I am always on the lookout for great games that I can play together with friends. Although Civilization 5 has been our default game ever since its last expansion came out, admittedly we’ve been looking to add some variety to our quality time together. As a turn based, strategy focused game with pretty graphics and surprisingly deep game mechanics, Armello was practically everything we were looking for. While I will probably never seek to play this game by myself, as soon as my friends contact me about a possible game night, you had best believe I’m going to free up that evening.

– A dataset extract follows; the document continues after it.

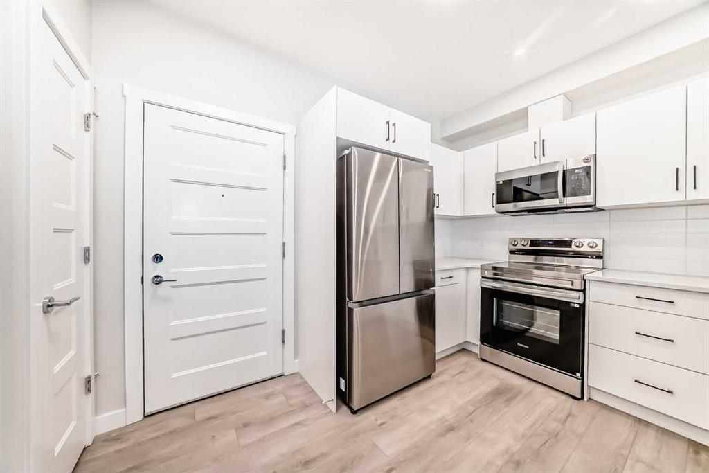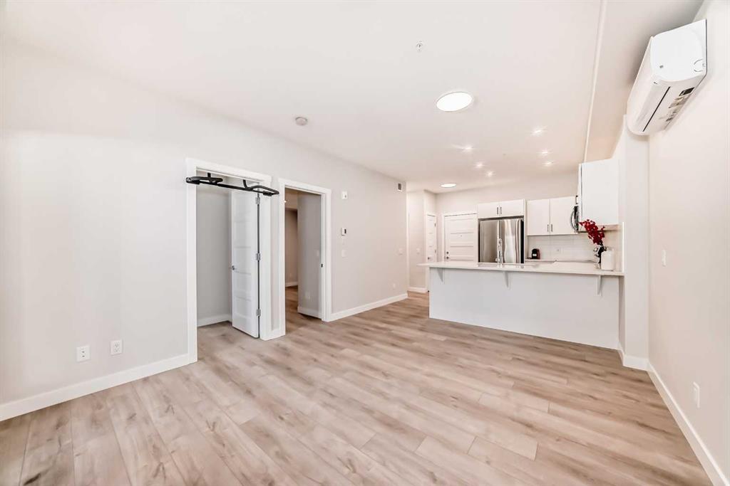 Welcome to Unit 2111, 2117 81 Street SW—a brand-new, 2-bedroom, 1-bath condo offering sophisticated low-rise living in Springbank Hill, one of Calgary’s most sought-after southwest communities. The unit features an efficient, open-concept layout filled with natural light and finished with wide-plank luxury vinyl flooring, designer tilework, and elevated details throughout. The contemporary kitchen is designed to impress with quartz countertops, cabinetry, a central eating bar, and a sleek stainless steel appliance package—perfect for everyday life and effortless entertaining. The bright living area opens to a private oversized patio, ideal for morning coffee or unwinding after work, all just steps from ravine-side pathways and scenic walking trails. Additional highlights include in-suite laundry, a built-in A/C unit, titled heated underground parking. Built by Cove Properties and thoughtfully positioned near Aspen Landing, top schools, dining, and transit options including the 69 Street CTrain Station—plus quick access downtown and easy weekend escapes toward the Canadian Rockies. A rare opportunity to own a luxury, air-conditioned home in a premium southwest location—book your private showing today.

Let’s cover gameplay first. If you’re a player who has played a good number of table top games you are going to feel right at home with Armello. There are stacks of cards you play with, movement points to move your character on a board, tricks you can play on enemies on the field or on your friends, the list goes on. It’s really just a table-top game that you play on a computer. Fortunately even if you’re not well versed in the complexities of tabletop, the tutorial in the single player mode is good enough to get you familiar with the game. The rest is really easy to learn within at least one or two playthroughs. The bare bones game mechanic is that there is an evil king who is corrupted by evil magic called Rot which is an actual stat in the game. He has 9 points of health in total and every morning he loses one health point. Since the game moves in a day and night cycle you essentially are given two turns before he loses health, meaning the game ends by around 18 turns. This is one of the best features of Armello as it provides a guaranteed end point for every game, preventing it from dragging out too long and becoming boring. The game gives you four ways of winning. You can kill the king yourself, you can rack up a stat called Prestige and win by default if he dies of the corruption, you can try to purify him by collecting random stones that appear on the map and then challenging him to a fight, or you could aim for the hardest way to win by out-corrupting him with your own stacks Rot and then kill him.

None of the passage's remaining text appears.